Yes. I'm going there for practice.


----------



## Big Phil (Apr 27, 2007)

aggie4231 said:


> I'd like to race, but I'm not sure if y'all have a class for the 4x4 short courses yet.


I'll be running mine..:dance:


----------



## Courtney Vaughan (Apr 11, 2007)

Guff, Aggie, and Phil.....that's 3 right there! 

Phil, would you run a class for just 3 entries?


----------



## Smiley (Feb 2, 2005)

New engine, Nova N21R 3 Port. It is awesome to say the least. People are going to be suprised what this little $140 Engine can do. Broke it in last saturday, did some testing with it on sunday. Already getting 9:50 per tank!


----------



## Courtney Vaughan (Apr 11, 2007)

Smiley....I thought it was the same thing as the 21BF Limited Edition with a new head?


----------



## jamminD (Oct 31, 2007)

were do u get one,


----------



## JammInChris (Dec 20, 2009)

*I'll Race*

I may be able to race my 4x and Bret possibly as well with his. Thats 5 possibly 6?

One question though. Seeing as last Saturday was my first ever race...do I have to be a member of HARC to race or is it just like last weekend?

Chris


----------



## JustinK (Jan 17, 2009)

Smiley said:


> New engine, Nova N21R 3 Port. It is awesome to say the least. People are going to be suprised what this little $140 Engine can do. Broke it in last saturday, did some testing with it on sunday. Already getting 9:50 per tank!


The OS Speed still is working ok?


----------



## Jeremy Cupps (Oct 31, 2009)

Mikes will have some in stock at the end of the week or begining of next week!


----------



## mmorrow (Jan 18, 2009)

no membership. Just show up and race


----------



## JammInChris (Dec 20, 2009)

mmorrow said:


> no membership.
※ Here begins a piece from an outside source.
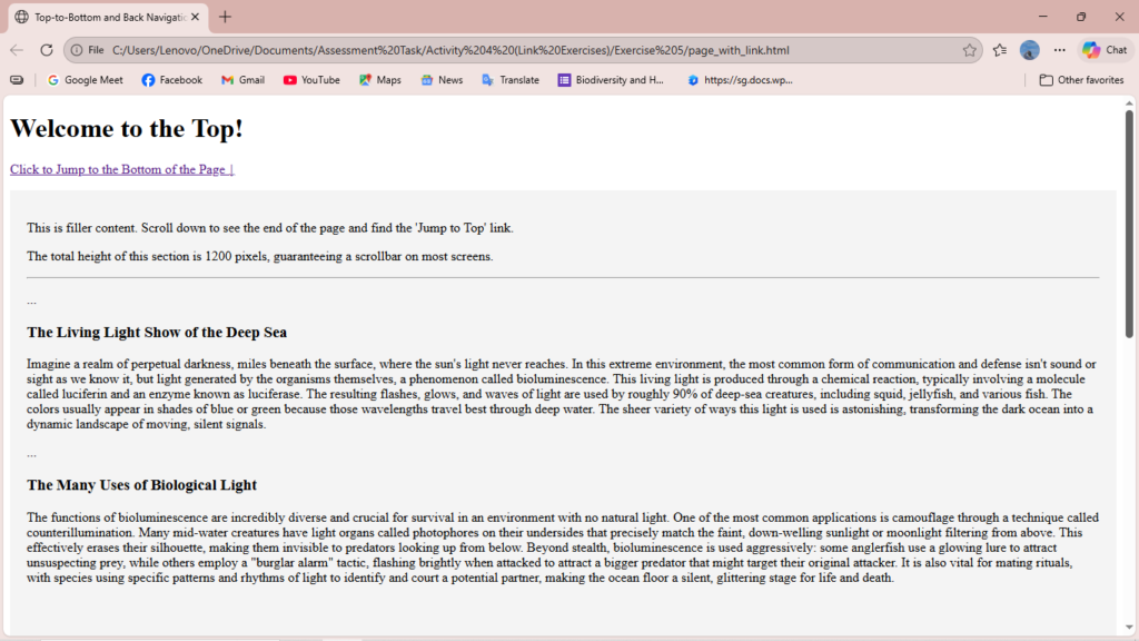 Exercise 5: Create a page with a link at the top of it that when clicked will jump all the way to the bottom of the page. At the bottom of the page there should be a link to jump back to the top of the page.

Just show up and race


Sweet!

Thanks


----------



## Courtney Vaughan (Apr 11, 2007)

Well there you go! Bring it on 4wd SC Class!!!
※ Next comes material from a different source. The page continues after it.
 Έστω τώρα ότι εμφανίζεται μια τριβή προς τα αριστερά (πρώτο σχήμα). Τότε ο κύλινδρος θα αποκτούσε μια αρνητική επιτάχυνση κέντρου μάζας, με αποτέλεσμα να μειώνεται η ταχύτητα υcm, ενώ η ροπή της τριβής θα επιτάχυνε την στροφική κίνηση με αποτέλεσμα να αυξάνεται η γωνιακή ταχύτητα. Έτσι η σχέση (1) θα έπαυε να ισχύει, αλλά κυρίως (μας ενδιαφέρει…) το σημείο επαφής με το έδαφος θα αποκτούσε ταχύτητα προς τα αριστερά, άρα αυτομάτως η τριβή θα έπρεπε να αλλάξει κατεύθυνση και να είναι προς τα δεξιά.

Remember all you newer racers, personal transponders are required at Mike's. They usually have 1 or 2 to rent, but those are usually gone rather quickly.


----------



## Smiley (Feb 2, 2005)

CV- New, Bigger Cooling Head, Bigger Rear Bearing, and they are using a 5 Port Case for it instead of the older 7 Port Case in the past. This thing rips!

Justin- Yea, Still running awesome, Just wanted a Club Race motor.

Mikes will have them soon, and Victory R/C can get them for you too!


----------



## mofreaka (Feb 4, 2009)

If everything workz out I'll have a 4x4 slash tomm. Just enough time to see what she got.....


----------



## Courtney Vaughan (Apr 11, 2007)

Bring it Mike!!!!!!! Come and race with us!!!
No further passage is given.